(Input records):
----
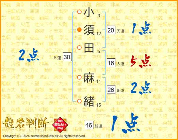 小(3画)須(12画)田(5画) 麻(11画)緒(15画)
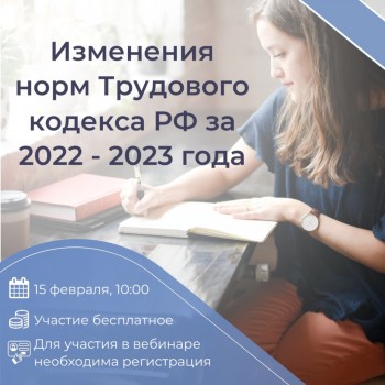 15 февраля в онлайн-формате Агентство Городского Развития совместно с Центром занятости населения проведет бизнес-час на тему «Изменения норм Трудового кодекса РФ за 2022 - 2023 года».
----
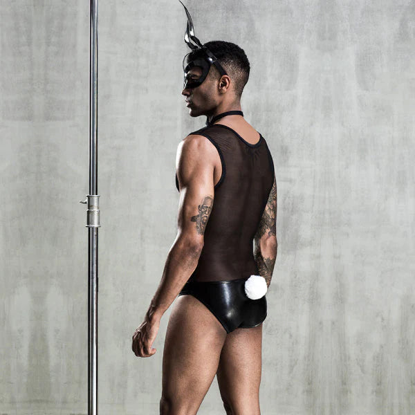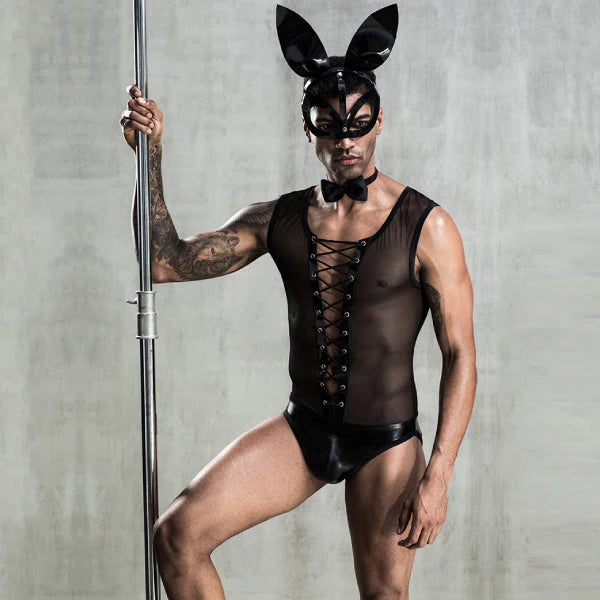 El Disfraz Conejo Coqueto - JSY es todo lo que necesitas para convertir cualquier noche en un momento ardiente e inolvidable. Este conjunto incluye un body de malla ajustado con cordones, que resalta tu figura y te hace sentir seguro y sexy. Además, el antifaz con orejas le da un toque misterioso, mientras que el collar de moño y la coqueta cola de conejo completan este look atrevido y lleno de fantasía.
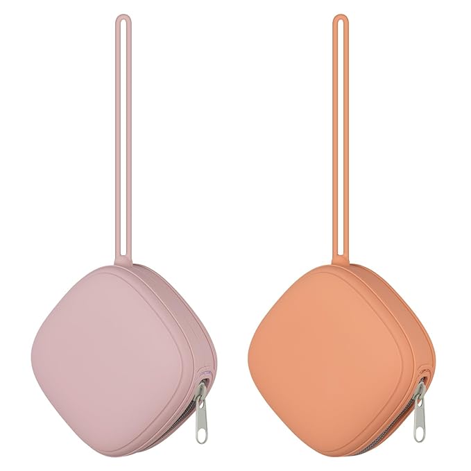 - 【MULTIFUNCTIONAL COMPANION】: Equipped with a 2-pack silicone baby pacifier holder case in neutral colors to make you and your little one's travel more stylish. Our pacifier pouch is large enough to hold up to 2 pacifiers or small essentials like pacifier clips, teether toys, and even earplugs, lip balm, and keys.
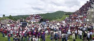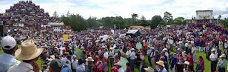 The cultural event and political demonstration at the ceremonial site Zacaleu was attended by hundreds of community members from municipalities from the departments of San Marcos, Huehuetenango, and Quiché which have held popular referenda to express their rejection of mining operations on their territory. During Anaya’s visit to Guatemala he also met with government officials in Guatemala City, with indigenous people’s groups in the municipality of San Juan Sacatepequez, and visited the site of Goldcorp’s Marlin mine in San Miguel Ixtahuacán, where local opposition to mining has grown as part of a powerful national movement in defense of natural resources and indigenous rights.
----
(What is required): Could you transcribe exactly the entries above, but only the lines from the one with "小(3画)須(12画)田(5画) 麻(11画)緒(15画)" through the one with "15 февраля в", and without pictures?

(Completed exercise):
 小(3画)須(12画)田(5画) 麻(11画)緒(15画)
 15 февраля в онлайн-формате Агентство Городского Развития совместно с Центром занятости населения проведет бизнес-час на тему «Изменения норм Трудового кодекса РФ за 2022 - 2023 года».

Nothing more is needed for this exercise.